André moveu-se em direção à cama, mas Catarina também se moveu. Encontraram-se a meio do caminho, de quatro na beira da cama, uma mão estendida e agarrando a erecção. Ela puxou-o para perto e começou a lamber o pénis avidamente, começando pela cabeça rosada e trabalhando até à raiz peluda.
Esta era a sua primeira vez, e ela estava a usar mais entusiasmo do que habilidade, mas certamente tinha algum talento natural também, ou apenas uma memória muito boa do que o André tinha acabado de fazer com o seu pénis.
Tânia riu, nem um pouco chateada por ter sido abandonada pelo seu amor, trocada pelo pénis do menino brinquedo André. Ela acercou-se da morena ajoelhada e começou a acariciar as suas costas e nádegas. Deslizou uma mão em torno de sua cintura para o seu pénis balançando-o com força e acariciou-o.

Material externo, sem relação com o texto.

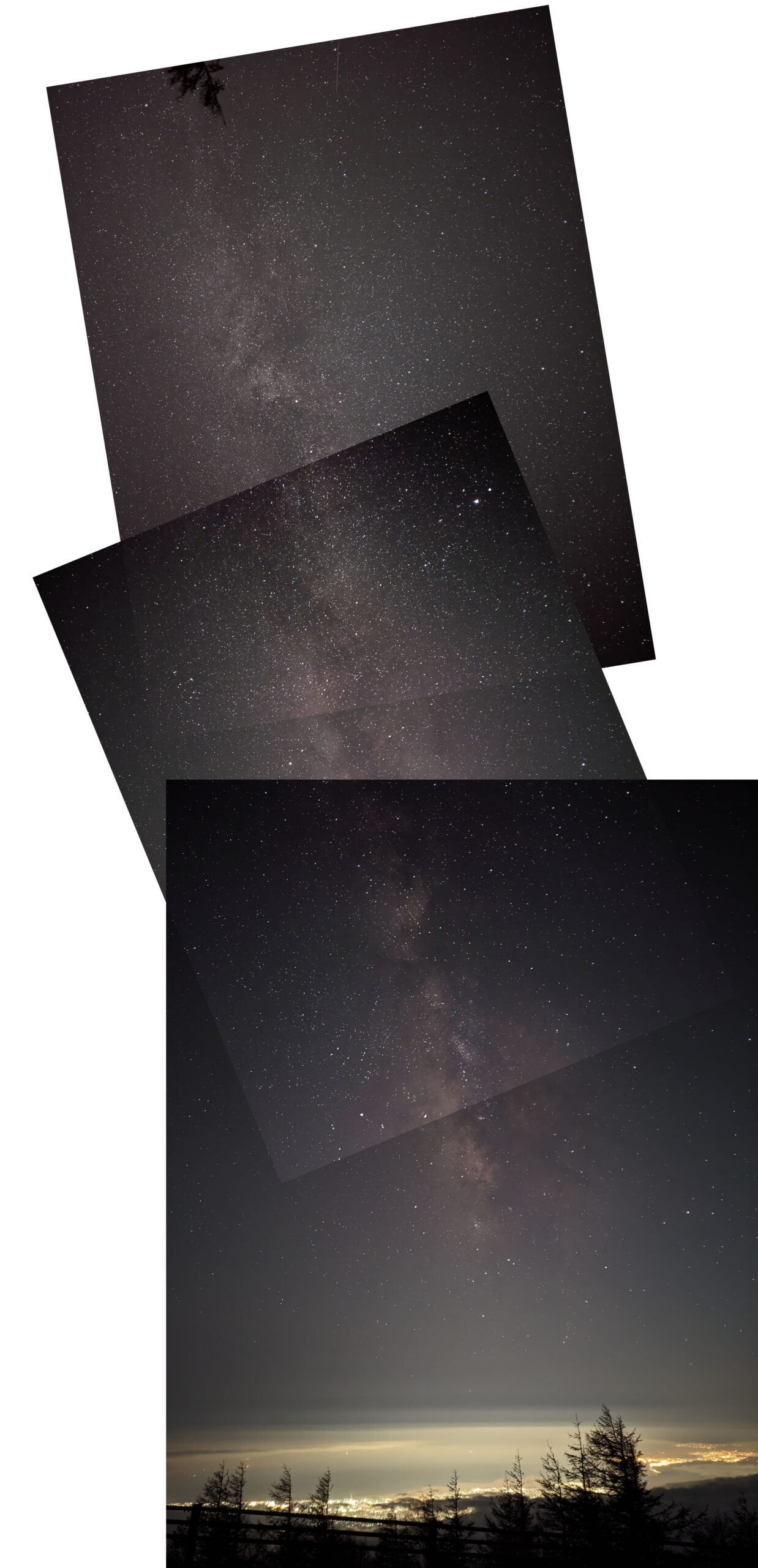 すると天体撮影モードの闇が(汗 バグなのか仕様なのかよくわかんないけれど、小口径レンズならあるあるでしょうか。繋ぎ合わせてる最中、試行錯誤するものの周辺部がかなり歪んでいるので困難(広角になるほど周辺部の歪みでスタックが難しいのだろうと妥協)。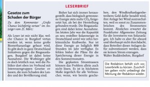 HAZ AB 26.03.2011 LESERBRIEF WALTER BUDDENBOHM, BURGDORF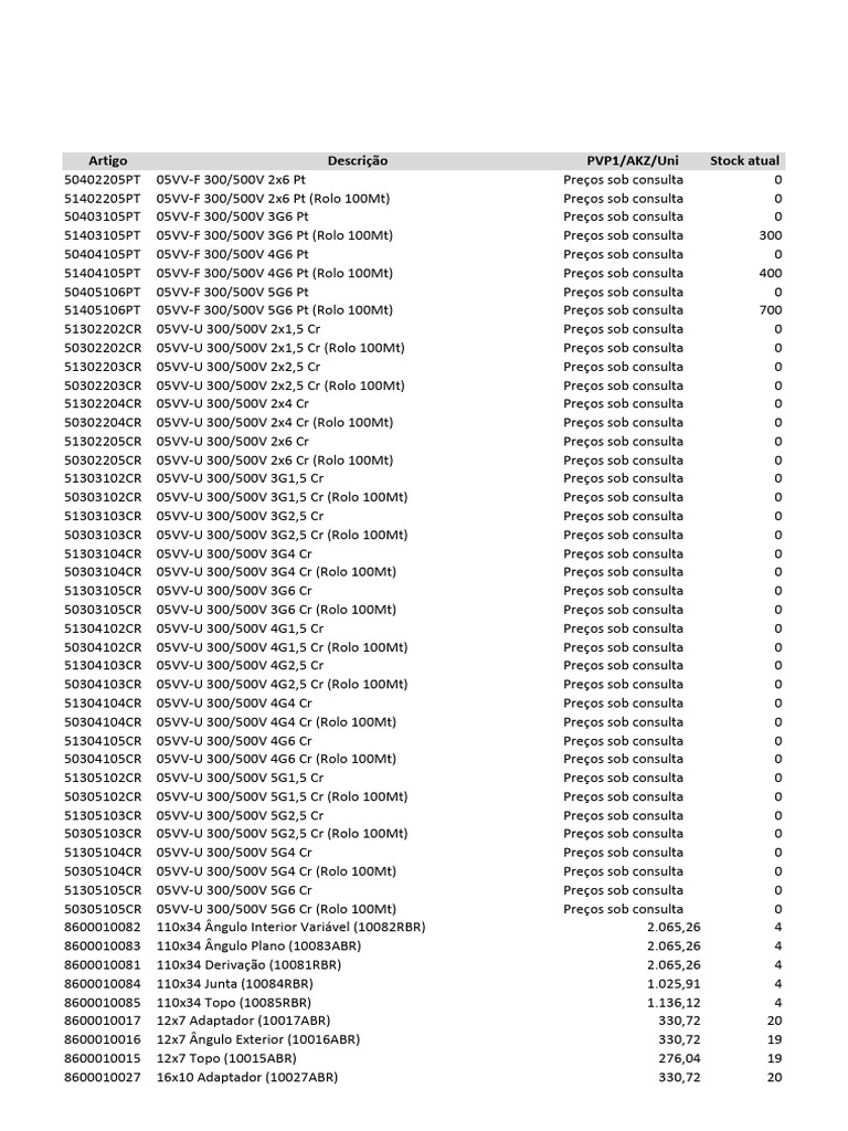 50405106PT 05VV-F 300/500V 5G6 Pt Preços sob consulta 0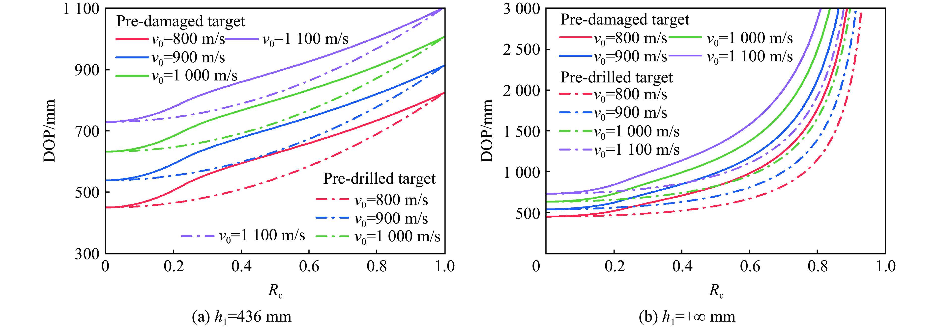 为研究混凝土靶体损伤对弹体侵彻性能的影响效果,基于空腔膨胀理论,完善了弹体侵彻预损伤混凝土半经验模型,采用前级射流、后级动能弹体对混凝土靶进行了连续侵彻试验,获得了影响弹体侵彻预损伤混凝土性能的关键因素,结合预损伤混凝土靶体中混凝土材料强度变化关系,分析了弹靶参数对弹体二次侵彻性能的影响规律。结果表明:靶体预损伤对弹体侵彻深度的增益效果由开坑体积差及混凝土损伤共同影响,且混凝土损伤为主要影响因素;当靶体内存在有限长损伤区,靶体开孔直径是弹体直径的0.3~0.5倍时,靶体损伤对弹体侵彻深度增益最为明显;当靶体内存在贯穿损伤区,靶体开孔直径与弹体直径的比值为0.3时,预损伤靶体与预开孔靶体中弹体侵彻深度差异较为明显,且随着比值进一步增加,两者差异逐渐增加;当靶体损伤状态一定时,减小弹体直径或增大尖卵形弹体头部CRH对增加侵彻深度更为有利。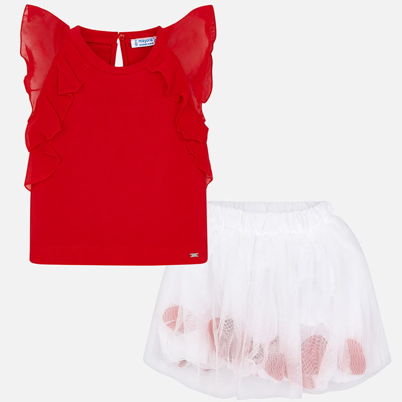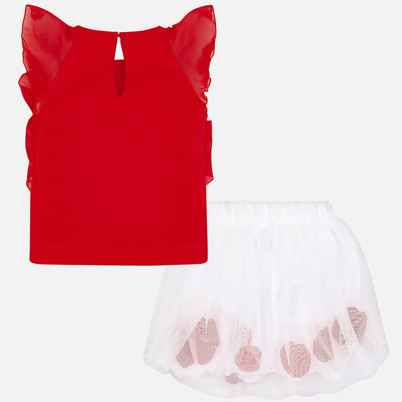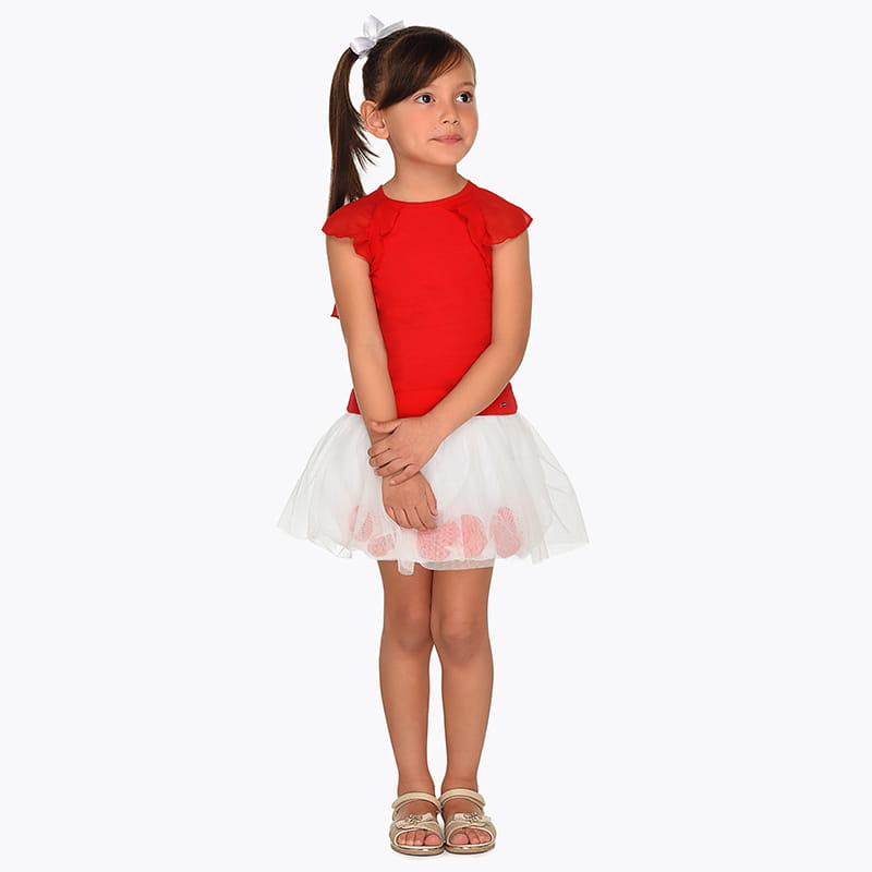 Śliczny komplet Mayoral dla dziewczynki-czerwona koszulka z motylkowym rękawkiem, zapinana z tyłu na guziczek i do kompletu efektowna biała spódniczka tiulowa z ruchomymi płatkami pod warstwą tiulu. Spódniczka na gumce w pasie.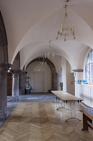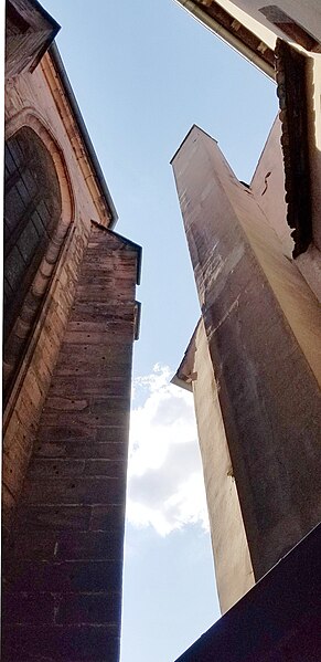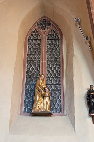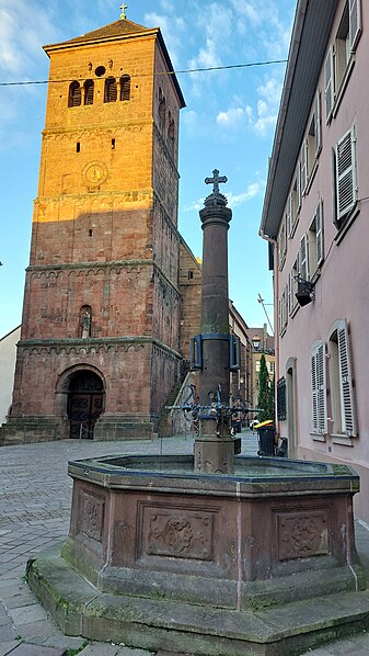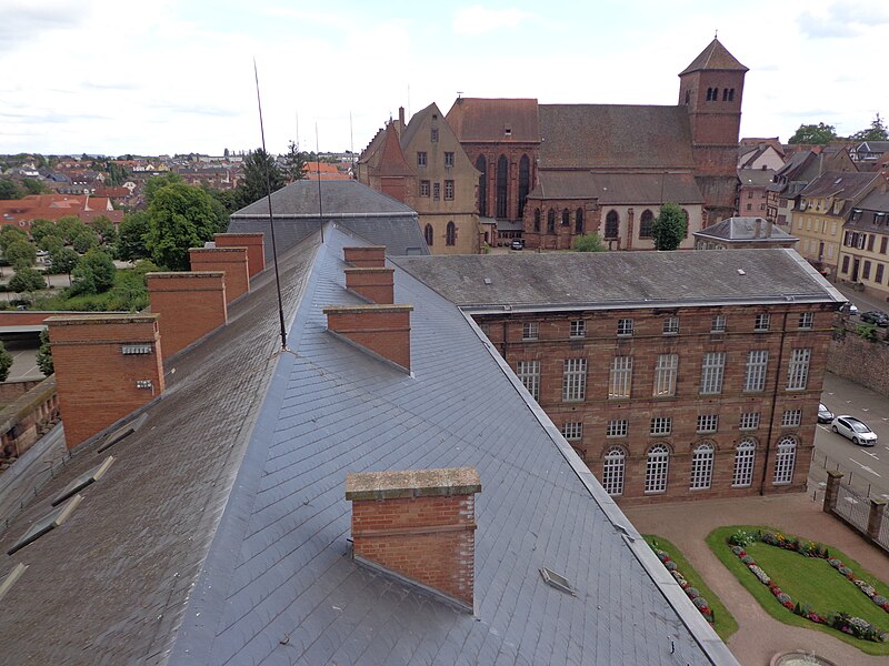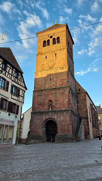 L’église Notre‑Dame‑de‑la‑Nativité de Saverne, située dans le Bas‑Rhin, est une paroissiale anciennement collégiale classée au titre des monuments historiques en 1977. Le clocher‑porche et les murs latéraux du vaisseau central datent du milieu du XIIe siècle et témoignent de l’origine romane de l’édifice. L’église est attestée sous le vocable de saint Barthélemy depuis 1285 et des curés y sont mentionnés dès 1211, ce qui indique une présence cultuelle antérieure. À la fin du XIVe siècle une première campagne gothique a surélevé la tour et transformé la nef, avec la reconstruction de l’extrémité orientale de la nef lors du remplacement du chœur roman vers 1380. Le chœur gothique fut voûté entre 1420 et 1440. Sous l’épiscopat d’Albert de Bavière l’église fut élevée au rang de collégiale en 1485 et de grands travaux d’agrandissement suivirent. En 1493 fut construite une chapelle consacrée en 1496 à la Vierge, destinée à recevoir le tombeau monumental d’Albert de Bavière, dont le mausolée fut en grande partie détruit à la Révolution. Vers 1494 le collatéral nord fut édifié ou remanié, puis entre 1493 et 1501 la nef fut transformée, son toit surhaussé et pourvu d’une voûte en résille à la fin du XVe siècle. La sacristie fut réalisée à la fin du XVe siècle et certains de ces travaux sont attribués soit à Hans Luedemann soit à Hans Hammer. La galerie de style Renaissance commandée en 1539 et achevée en 1541 reliait le château à la chapelle Saint‑Michel et comprenait à l’étage une bibliothèque ; elle a été convertie par la suite en sacristie. Parmi les annexes, l’ossuaire, généralement daté du XIVe siècle, est surmonté par la chapelle Saint‑Michel et a été intégré aux aménagements successifs liés à la galerie. Au XVIIe siècle furent aménagées des constructions secondaires, notamment la Ritterstube élevée en 1619 et détruite en 1875, tandis que la tour et la voûte du collatéral firent l’objet de restaurations en 1691 et 1694. En 1717 le jubé fut déplacé contre le revers de la façade ; sa balustrade fut déposée en 1826 puis partiellement rétablie entre 1874 et 1876. La flèche gothique de la tour fut remplacée en 1760 par un toit en pavillon par François Pinot, et le campanile du chœur fut supprimé en 1842. La Révolution entraîna la perte du rang collégial, le pillage et la destruction de tombeaux, la transformation temporaire en temple de la Raison puis en entrepôt ; l’église fut rendue au culte catholique en 1799. Aux XIXe et début du XXe siècles l’édifice fit l’objet de restaurations importantes : après 1870 les autorités allemandes ordonnèrent une grande restauration, la Ritterstube fut démolie, le badigeon retiré, le mobilier refait en style néo‑gothique et de nouveaux vitraux installés. Des projets d’agrandissement au début du XXe siècle furent discutés ; la tour menaçant ruine conduisit à la fermeture temporaire de l’église en octobre 1912, sa réouverture au culte en novembre 1913 et le rétablissement de la sonnerie des cloches en mai 1914. L’édifice subit des dégâts lors d’un bombardement aérien le 31 juillet 1918 ; pendant la Seconde Guerre mondiale l’ossuaire servit d’abri anti‑aérien et ne retrouvant ses dispositions antérieures qu’au cours des travaux de 1969‑1973. La campagne de 1969‑1973 a permis d’importantes restaurations, le retrait de la majorité du mobilier néo‑gothique et la remise en état des annexes ; des peintures murales datées de 1494 et 1596 ont été mises au jour en 1983. L’édifice présente un plan complexe mêlant éléments romans—notamment le clocher‑porche—et campagnes gothiques successives qui ont façonné le chœur, la nef, le collatéral nord et la chapelle de la Vierge. Le chœur se caractérise par ses baies à trois lancettes et ses voûtes d’ogives plus élancées que celles de la nef; la nef conserve une grande voûte à résille du XVe siècle portée par des piliers intérieurs adossés aux anciens murs. Le collatéral nord et la chapelle de la Vierge sont voûtés d’ogives et ornés de clés armoriées ; la chapelle abrite des caveaux et a accueilli plusieurs monuments funéraires aujourd’hui détruits ou déplacés. Le mobilier comporte des fonts baptismaux de 1615, une chaire datée de 1495 attribuée à Hans Hammer, des sculptures médiévales et des œuvres de la Renaissance, plusieurs éléments étant classés au titre des Monuments historiques, de même que la cloche dite Bürgerglocke et le buffet de l’orgue avec le garde‑corps de la tribune. Enfin, l’église a tenu une place centrale dans la vie religieuse de Saverne, siège de confréries et lieu de processions, et a été marquée par les transformations religieuses et politiques des époques médiévale, moderne et révolutionnaire.

Ela deitou-se de costas e deslizou para baixo da Catarina esticando o pescoço abocanhou o pénis que balançava com os seus lábios e chupou nele. Catarina suspirou, gemeu e deslizou os joelhos, abaixando os quadris para facilitar a tarefa da Tânia. Tânia engoliu mais do pénis e deslizou a mão para baixo para a sua própria virilha, continuando a estimulação que a Catarina tinha começado durante o show.
Catarina lambeu o pénis de André para baixo e depois para cima enquanto Tânia a lambia. Abriu os lábios e levou o pénis do André para a sua boca. Ela provou bem, neutro, excepto ter um travo de sal na ponta. Lamber e sentir o toque correspondia ao prazer e tinha sido muito excitante, mas agora, ela queria saber era sentir o pénis na sua boca. Ela começou a deslizar os lábios descendo cada vez mais, sentindo a pele dele a mover-se sobre os seus lábios e dentes, moveu a língua ao redor e sobre a haste até que a sua boca ficou muito cheia para mover a língua. Ela tomou o suficiente para sentir a cabeça contra o fundo da sua boca, e ela viu que pénis tinha muito mais para poder engolir. Ela empurrou a cabeça para a frente de novo, achatando a sua língua e tentando levar o pénis para dentro de garganta como ela tinha visto nas fotos e lido. Mas, como ela sentia a cabeça na parte de trás da boca e contra a parte de trás da língua, aquele desejo irresistível atingiu o seu estômago que parecendo se rebelar, enviou um espasmo até a garganta. Ela se afastou e pensou:
- Então isto é que é o reflexo do vómito, vou ter que praticar para conseguir fazer isto, mas não agora ...
Ela acariciou com os dedos o tufo de pelos do André enquanto se afastava mais, maravilhada com a maciez dos seus pelos púbicos.